Murray was charged with carjacking and attempted carjacking and faced a potential nine-year prison sentence. A public defender had Murray evaluated by a psychiatrist but did not mount a defense based on his mental health.

With the case moving toward trial, Williams hired Ter Poorten, a private attorney. After another psychiatric examination found that Murray had serious mental health issues, she tried to negotiate a deal that would allow him to serve his time in a locked mental health facility instead of prison. The district attorney’s office did not agree.

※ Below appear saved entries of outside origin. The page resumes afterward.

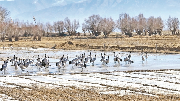 “每年10月底開始,黑頸鶴就從北方飛來越冬?!毖沧o(hù)員嘎旦仁增告訴記者,“這幾年保護(hù)力度加大,棲息環(huán)境更好了,來過冬的黑頸鶴一年比一年多。”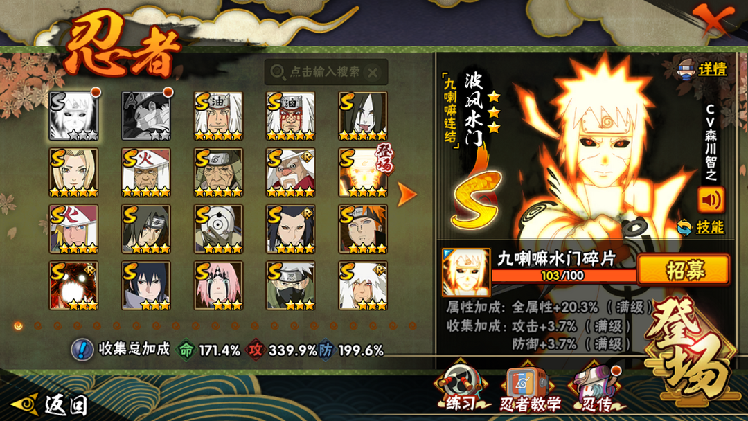 九喇嘛水门❥暴怒六尾鸣人❥[50S;V15;3140W;94A❥全忍者须佐卡卡西❥大筒木舍人❥天道超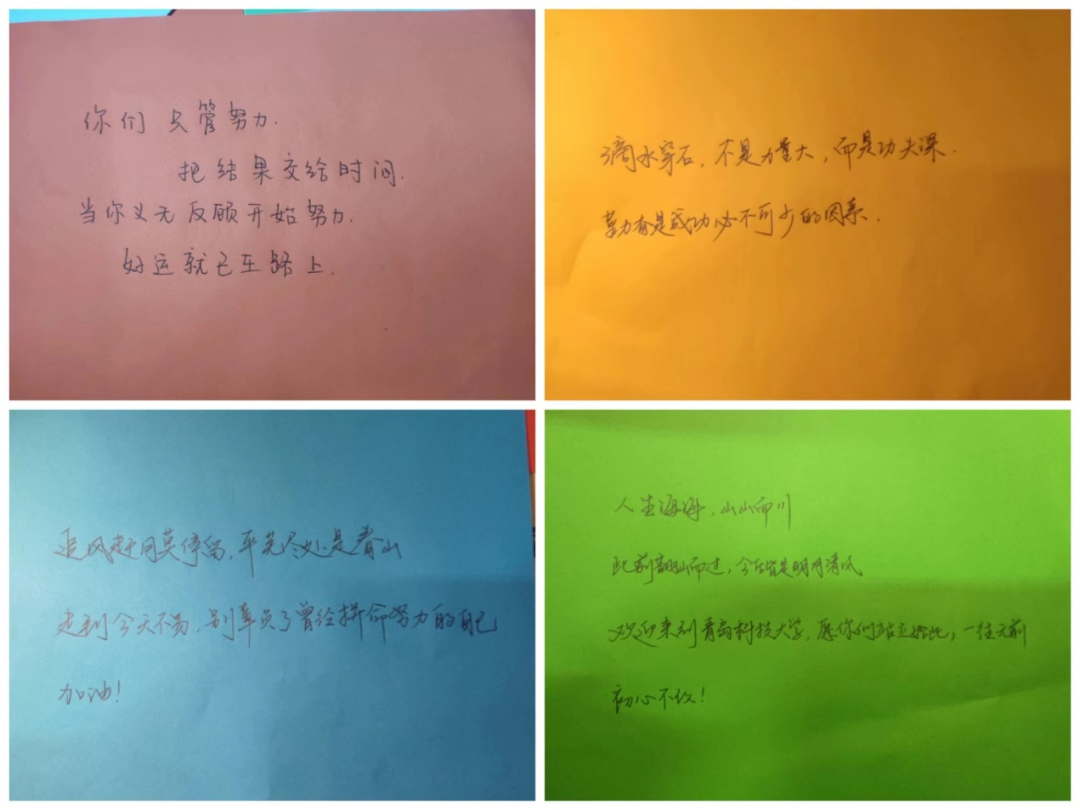 活动第二项,太阳成tyc7111cc孙坤岩、王作辉、宋达、穆青青老师对新生们写下寄语,“师情献语暖人心”每一位老师都倾心呵护自己的员工,每一位老师都对自己的员工有无尽的言语要表达。由多位辅导员亲笔临写祝福语和期望话,表达对员工们的关切,也是希望同学们不辜负大学四年生活,通过现在努力,创造自己的美好未来。浏览完辅导员的寄语后,在场的每一位同学心中都涌入一股暖流,进一步巩固了师生情谊。

Neither of Murray’s defense attorneys formally declared a doubt as to his mental competency, which would have stopped the criminal proceedings and triggered a special hearing. His public defender did not respond to a request for comment; Ter Poorten said she was inexperienced with mental health cases at the time.

In April of 2014, Murray pleaded no contest to attempted carjacking and was sentenced to three years in state prison. At the plea hearing, Judge Craig E. Veals raised Murray’s mental health issues and asked Ter Poorten whether she was sure they wanted to take the deal. Ter Poorten replied that going to trial would “risk a greater sentence.”

“After consulting with him and his mother, we are very regretfully and with tremendous anguish accepting what we are doing today,” she said.

Prosecutor Garrett Worchell told the judge that the charges were both “serious and violent felonies” and the fact that one was being dismissed “may be a significant advantage” to the defendant.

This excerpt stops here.